§ **WHAT YOU ARE ASKED TO DO**
Omit all pictures, and print word for word only the lines from the one containing "the major ribs." through the end of the data.

§ **INPUT DATA**
· · · ·

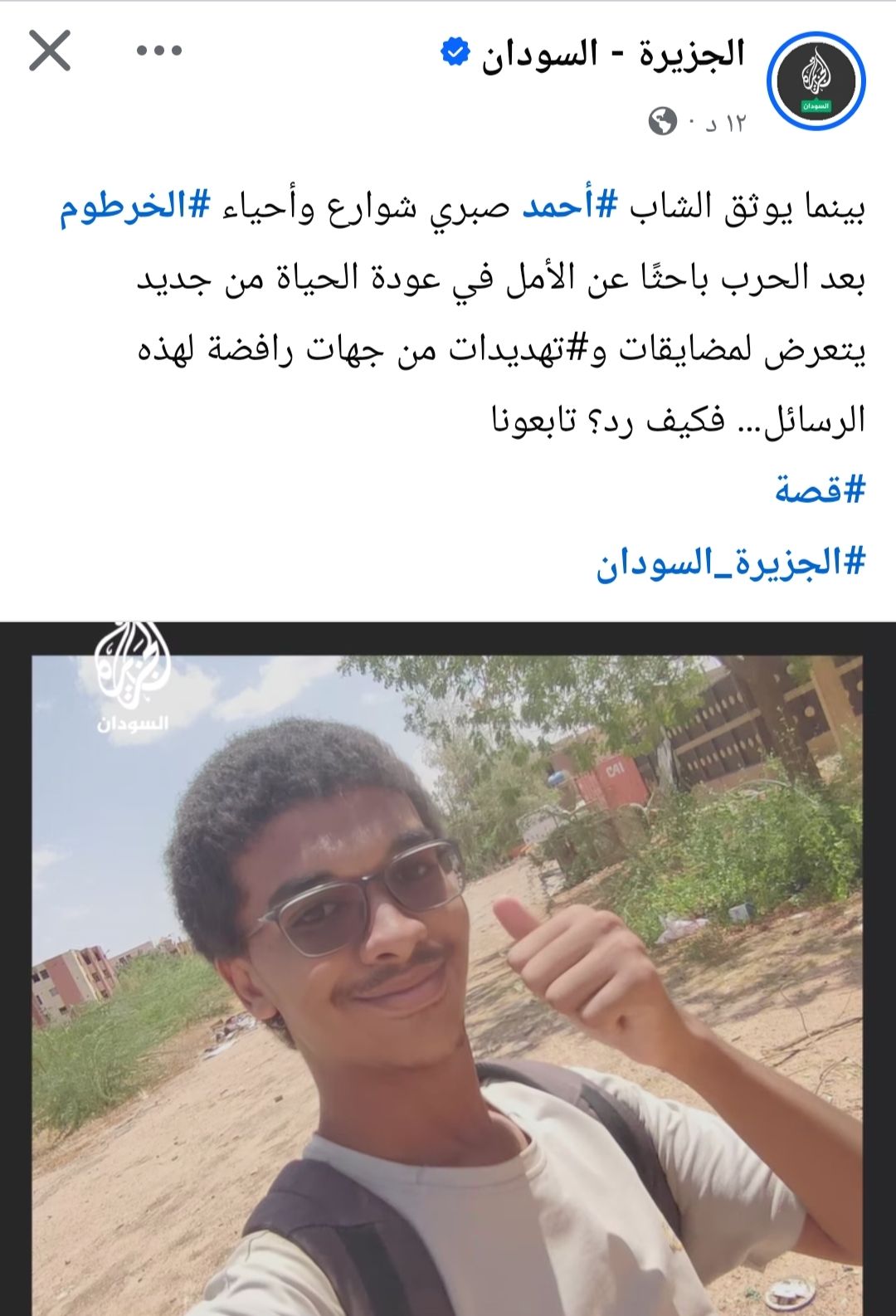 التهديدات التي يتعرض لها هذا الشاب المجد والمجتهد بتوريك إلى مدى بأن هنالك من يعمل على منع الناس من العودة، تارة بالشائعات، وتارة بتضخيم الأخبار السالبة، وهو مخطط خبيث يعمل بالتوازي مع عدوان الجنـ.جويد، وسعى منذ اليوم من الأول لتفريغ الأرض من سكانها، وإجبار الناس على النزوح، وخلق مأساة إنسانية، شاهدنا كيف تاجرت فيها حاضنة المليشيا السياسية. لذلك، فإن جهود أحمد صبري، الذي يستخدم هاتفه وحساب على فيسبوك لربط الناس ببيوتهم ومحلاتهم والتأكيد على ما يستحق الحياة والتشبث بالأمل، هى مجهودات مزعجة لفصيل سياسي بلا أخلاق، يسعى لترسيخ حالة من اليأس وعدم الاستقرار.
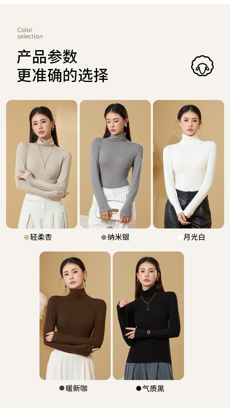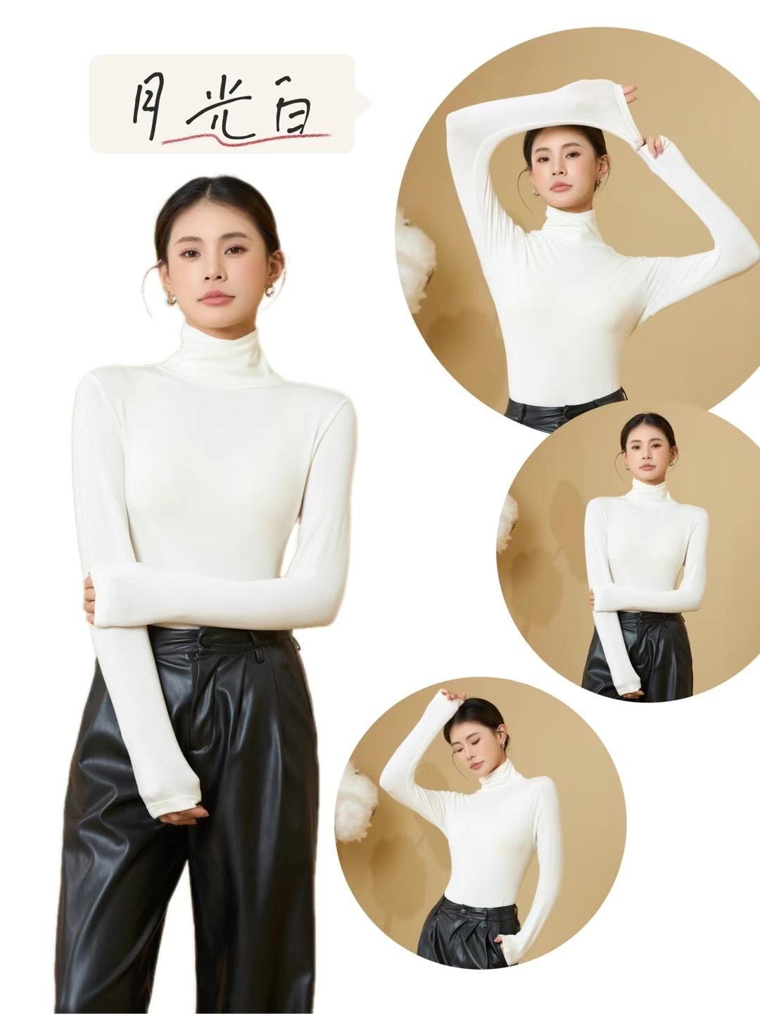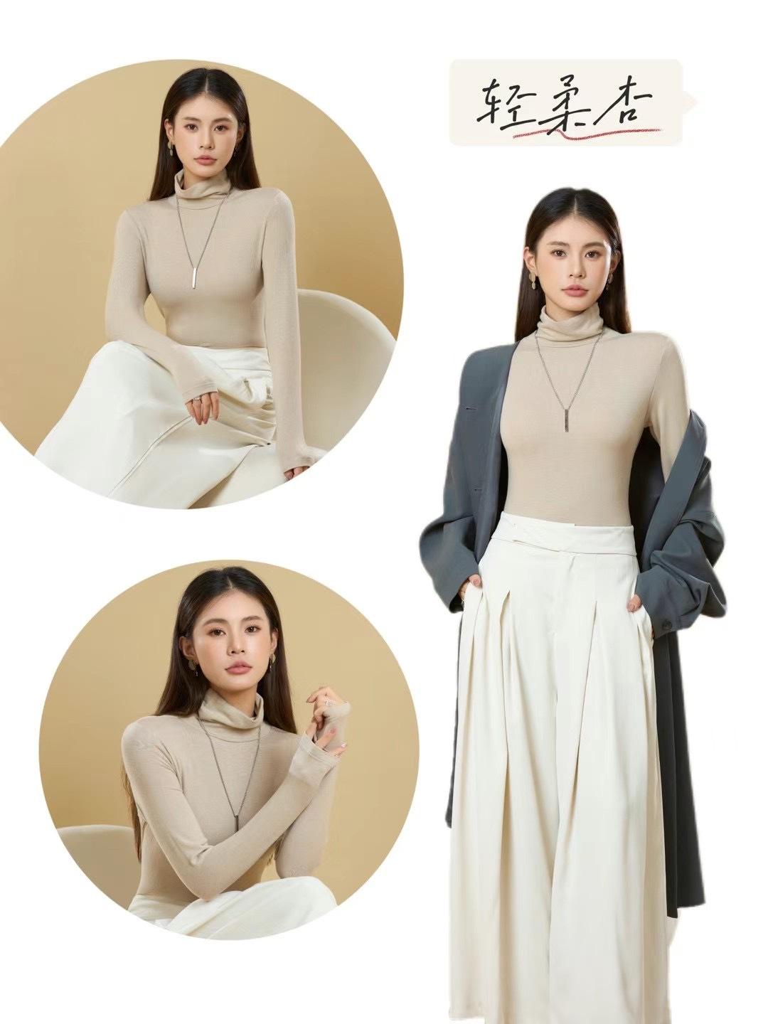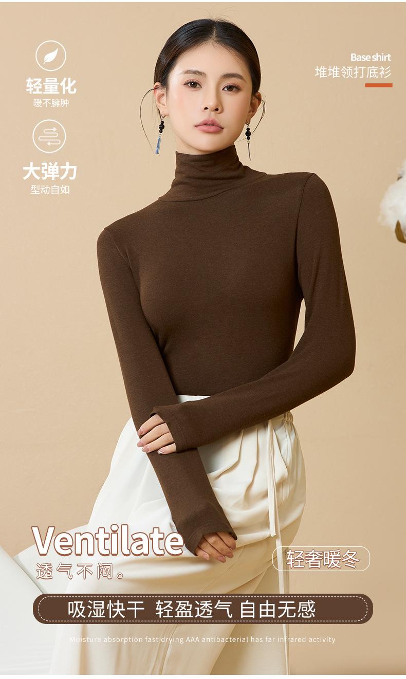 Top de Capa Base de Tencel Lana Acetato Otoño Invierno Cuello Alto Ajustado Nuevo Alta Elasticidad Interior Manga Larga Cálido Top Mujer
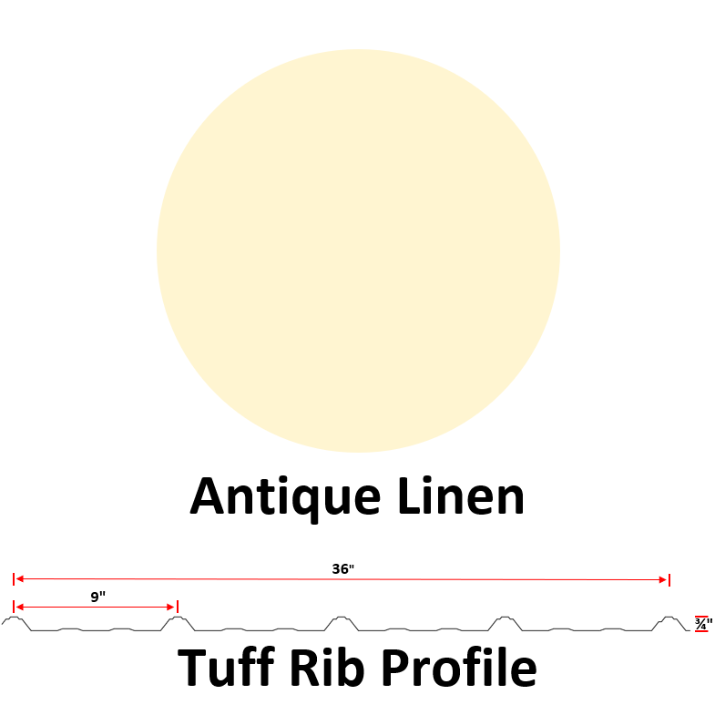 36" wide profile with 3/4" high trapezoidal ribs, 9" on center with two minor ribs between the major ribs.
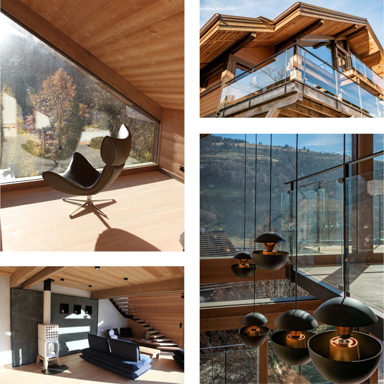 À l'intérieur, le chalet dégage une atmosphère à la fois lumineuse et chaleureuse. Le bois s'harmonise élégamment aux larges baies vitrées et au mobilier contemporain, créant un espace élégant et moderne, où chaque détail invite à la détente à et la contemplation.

· · · ·

§ **TASK RESULT**
 36" wide profile with 3/4" high trapezoidal ribs, 9" on center with two minor ribs between the major ribs.
 À l'intérieur, le chalet dégage une atmosphère à la fois lumineuse et chaleureuse. Le bois s'harmonise élégamment aux larges baies vitrées et au mobilier contemporain, créant un espace élégant et moderne, où chaque détail invite à la détente à et la contemplation.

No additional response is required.